(509cs) Combining Uncertainty Metrics to Control Neural Network Error and Accelerate Chemical Exploration | AIChE

(509cs) Combining Uncertainty Metrics to Control Neural Network Error and Accelerate Chemical Exploration

Authors 

Musa, E. - Presenter, University of Michigan
Gruich, C. - Presenter, Mississippi State University
Machine learning (ML) in computational chemistry research promises to accelerate chemical and materials discovery. ML approaches using state-of-the-art methods such as artificial neural networks (NNs) have been demonstrated to reproduce materials structures and energetics of high-fidelity quantum mechanical calculations but at a fraction of the computational cost. However, the effective application of ML to computational chemistry workflows requires that the uncertainty of the ML model’s predictions be accurately estimated, and the error controlled. Established uncertainty metrics for NNs are costly to obtain (e.g., ensemble method) or have limited effectiveness in predicting error (e.g., Monte-Carlo dropout).

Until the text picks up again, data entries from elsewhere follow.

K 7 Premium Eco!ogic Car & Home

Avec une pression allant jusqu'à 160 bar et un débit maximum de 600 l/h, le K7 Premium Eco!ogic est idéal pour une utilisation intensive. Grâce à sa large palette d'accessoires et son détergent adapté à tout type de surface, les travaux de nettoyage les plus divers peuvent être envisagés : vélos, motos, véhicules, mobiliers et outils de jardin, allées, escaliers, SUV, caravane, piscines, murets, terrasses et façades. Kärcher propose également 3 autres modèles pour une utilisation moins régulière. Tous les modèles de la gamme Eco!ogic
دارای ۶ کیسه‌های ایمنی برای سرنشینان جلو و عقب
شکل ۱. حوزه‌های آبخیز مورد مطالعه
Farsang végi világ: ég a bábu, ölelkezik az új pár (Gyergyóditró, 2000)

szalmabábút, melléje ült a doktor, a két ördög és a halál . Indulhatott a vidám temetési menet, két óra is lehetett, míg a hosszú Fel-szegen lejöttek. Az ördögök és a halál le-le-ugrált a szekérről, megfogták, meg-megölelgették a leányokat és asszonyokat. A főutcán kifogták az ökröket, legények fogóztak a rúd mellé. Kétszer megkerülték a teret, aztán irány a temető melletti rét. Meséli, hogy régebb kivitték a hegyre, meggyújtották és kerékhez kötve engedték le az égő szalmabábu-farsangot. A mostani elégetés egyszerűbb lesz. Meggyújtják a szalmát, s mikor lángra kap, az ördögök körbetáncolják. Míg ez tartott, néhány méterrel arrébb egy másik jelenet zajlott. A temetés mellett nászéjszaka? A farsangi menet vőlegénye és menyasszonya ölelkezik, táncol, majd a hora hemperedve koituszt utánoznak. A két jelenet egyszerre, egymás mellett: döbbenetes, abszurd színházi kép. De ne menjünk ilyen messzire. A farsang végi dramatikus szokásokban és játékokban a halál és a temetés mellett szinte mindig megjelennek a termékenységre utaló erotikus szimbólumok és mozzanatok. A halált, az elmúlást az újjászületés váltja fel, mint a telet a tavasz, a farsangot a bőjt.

Previous work using a NN to predict the energetics of small molecules showed that a K-nearest neighbors distance in the latent space could be used to predict error more accurately than the dropout method, and had comparable performance to the ensemble method while being more computationally tractable [1]. While promising, it is unknown how well these results for small molecules translate to solid-state materials and heterogeneous catalysis. Here we will answer this question, as well as examine two new latent space uncertainty metrics we dub the “latent density” and “latent probability”. We also hypothesize that combining latent space metrics with input space metrics gives an even better indicator of prediction error than using purely latent space metrics.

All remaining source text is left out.